_The task_.
Look below for the lines from the one with "Keywords: Brosteinsalteret.jpg Cobble" to the one with "Kuchyňské nádobí se", and copy exactly those lines, both ends included.

_Data extract_.

= = = =

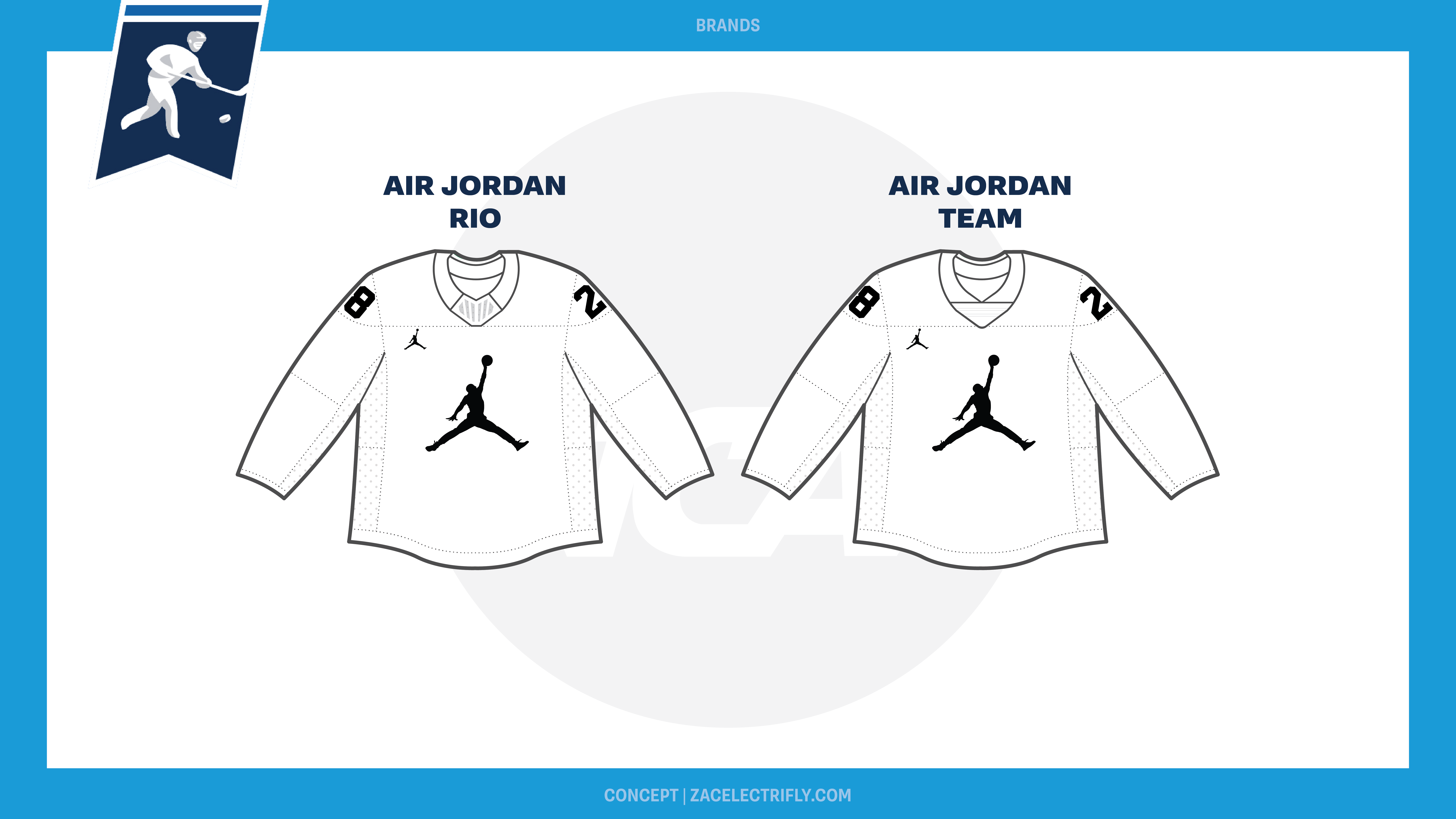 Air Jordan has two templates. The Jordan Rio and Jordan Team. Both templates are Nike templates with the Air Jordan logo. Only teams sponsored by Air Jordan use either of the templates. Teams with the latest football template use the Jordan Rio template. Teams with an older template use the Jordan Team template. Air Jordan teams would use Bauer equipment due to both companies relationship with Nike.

= = = =

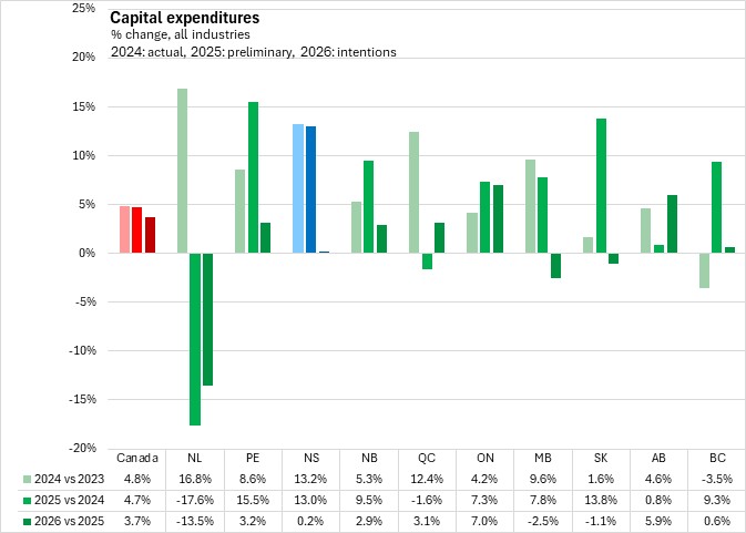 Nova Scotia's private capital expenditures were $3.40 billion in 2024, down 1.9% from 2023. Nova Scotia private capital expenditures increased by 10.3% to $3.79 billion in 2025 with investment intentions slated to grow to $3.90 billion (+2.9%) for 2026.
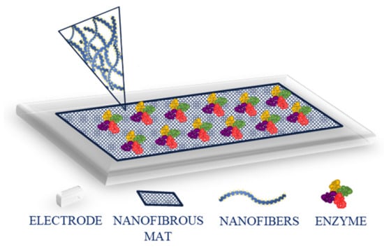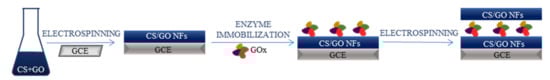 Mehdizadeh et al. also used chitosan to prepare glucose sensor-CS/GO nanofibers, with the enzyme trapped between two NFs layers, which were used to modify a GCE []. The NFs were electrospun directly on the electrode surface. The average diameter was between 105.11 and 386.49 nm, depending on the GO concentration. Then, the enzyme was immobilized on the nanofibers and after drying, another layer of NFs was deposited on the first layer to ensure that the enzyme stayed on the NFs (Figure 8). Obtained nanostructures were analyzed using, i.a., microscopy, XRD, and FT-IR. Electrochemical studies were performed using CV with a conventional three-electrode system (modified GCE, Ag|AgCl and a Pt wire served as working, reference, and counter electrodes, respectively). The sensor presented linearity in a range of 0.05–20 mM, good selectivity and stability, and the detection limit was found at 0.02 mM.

= = = =

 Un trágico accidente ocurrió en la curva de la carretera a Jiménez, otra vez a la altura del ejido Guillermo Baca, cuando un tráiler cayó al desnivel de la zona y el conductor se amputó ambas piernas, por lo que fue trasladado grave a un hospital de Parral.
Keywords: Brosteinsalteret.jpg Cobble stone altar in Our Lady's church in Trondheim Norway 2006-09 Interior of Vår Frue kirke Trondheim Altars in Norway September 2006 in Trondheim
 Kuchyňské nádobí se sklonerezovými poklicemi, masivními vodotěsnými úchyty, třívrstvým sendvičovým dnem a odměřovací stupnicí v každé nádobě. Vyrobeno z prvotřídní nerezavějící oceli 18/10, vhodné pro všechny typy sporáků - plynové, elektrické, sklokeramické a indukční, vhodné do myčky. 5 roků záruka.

= = = =

_Response area_.
Keywords: Brosteinsalteret.jpg Cobble stone altar in Our Lady's church in Trondheim Norway 2006-09 Interior of Vår Frue kirke Trondheim Altars in Norway September 2006 in Trondheim
 Kuchyňské nádobí se sklonerezovými poklicemi, masivními vodotěsnými úchyty, třívrstvým sendvičovým dnem a odměřovací stupnicí v každé nádobě. Vyrobeno z prvotřídní nerezavějící oceli 18/10, vhodné pro všechny typy sporáků - plynové, elektrické, sklokeramické a indukční, vhodné do myčky. 5 roků záruka.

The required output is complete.